*WORK TO BE COMPLETED*: Filter the data below for the string "office" and copy each matching line.

*AVAILABLE RECORDS*:
------------------------------------

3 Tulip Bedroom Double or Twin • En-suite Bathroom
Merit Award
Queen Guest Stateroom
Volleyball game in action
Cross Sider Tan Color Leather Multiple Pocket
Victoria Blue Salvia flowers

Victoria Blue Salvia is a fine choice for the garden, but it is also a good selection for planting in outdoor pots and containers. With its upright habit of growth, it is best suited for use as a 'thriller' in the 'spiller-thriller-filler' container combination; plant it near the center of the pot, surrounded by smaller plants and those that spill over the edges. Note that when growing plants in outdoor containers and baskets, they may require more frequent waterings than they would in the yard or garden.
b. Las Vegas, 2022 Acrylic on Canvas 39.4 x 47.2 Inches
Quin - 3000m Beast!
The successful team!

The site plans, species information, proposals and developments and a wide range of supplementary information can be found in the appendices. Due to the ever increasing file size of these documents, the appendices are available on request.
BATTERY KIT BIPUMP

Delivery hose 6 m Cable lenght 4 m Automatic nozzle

------------------------------------

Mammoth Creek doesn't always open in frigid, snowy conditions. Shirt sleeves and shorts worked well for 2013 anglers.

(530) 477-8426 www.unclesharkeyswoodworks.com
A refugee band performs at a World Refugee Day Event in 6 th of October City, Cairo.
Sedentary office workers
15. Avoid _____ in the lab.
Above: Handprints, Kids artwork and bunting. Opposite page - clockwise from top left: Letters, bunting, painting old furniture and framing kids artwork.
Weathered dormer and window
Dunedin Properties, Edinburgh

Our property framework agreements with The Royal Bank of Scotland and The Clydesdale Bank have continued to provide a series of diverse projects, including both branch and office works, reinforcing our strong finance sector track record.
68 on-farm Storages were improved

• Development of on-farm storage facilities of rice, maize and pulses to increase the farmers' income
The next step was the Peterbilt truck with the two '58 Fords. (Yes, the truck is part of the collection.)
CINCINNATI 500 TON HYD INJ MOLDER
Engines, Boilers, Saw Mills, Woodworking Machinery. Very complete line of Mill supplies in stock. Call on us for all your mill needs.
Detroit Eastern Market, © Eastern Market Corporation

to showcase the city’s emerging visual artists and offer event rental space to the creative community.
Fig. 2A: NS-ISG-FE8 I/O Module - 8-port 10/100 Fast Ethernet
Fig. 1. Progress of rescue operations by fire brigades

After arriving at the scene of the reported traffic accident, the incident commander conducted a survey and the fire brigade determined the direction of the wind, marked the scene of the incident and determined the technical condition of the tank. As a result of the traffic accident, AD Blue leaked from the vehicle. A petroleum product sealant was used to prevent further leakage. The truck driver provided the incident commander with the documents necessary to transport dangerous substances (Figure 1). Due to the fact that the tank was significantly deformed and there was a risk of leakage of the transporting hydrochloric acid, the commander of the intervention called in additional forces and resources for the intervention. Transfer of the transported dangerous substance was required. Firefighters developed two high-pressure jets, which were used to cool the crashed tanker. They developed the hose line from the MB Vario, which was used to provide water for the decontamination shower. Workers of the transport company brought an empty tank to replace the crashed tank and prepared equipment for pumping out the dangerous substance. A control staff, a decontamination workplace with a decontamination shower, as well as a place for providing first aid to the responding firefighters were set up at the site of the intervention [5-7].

------------------------------------

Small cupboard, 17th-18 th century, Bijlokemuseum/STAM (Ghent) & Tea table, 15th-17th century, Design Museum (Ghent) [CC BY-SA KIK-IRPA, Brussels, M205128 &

------------------------------------

*ANSWER TO THE PROBLEM*:
Sedentary office workers
Our property framework agreements with The Royal Bank of Scotland and The Clydesdale Bank have continued to provide a series of diverse projects, including both branch and office works, reinforcing our strong finance sector track record.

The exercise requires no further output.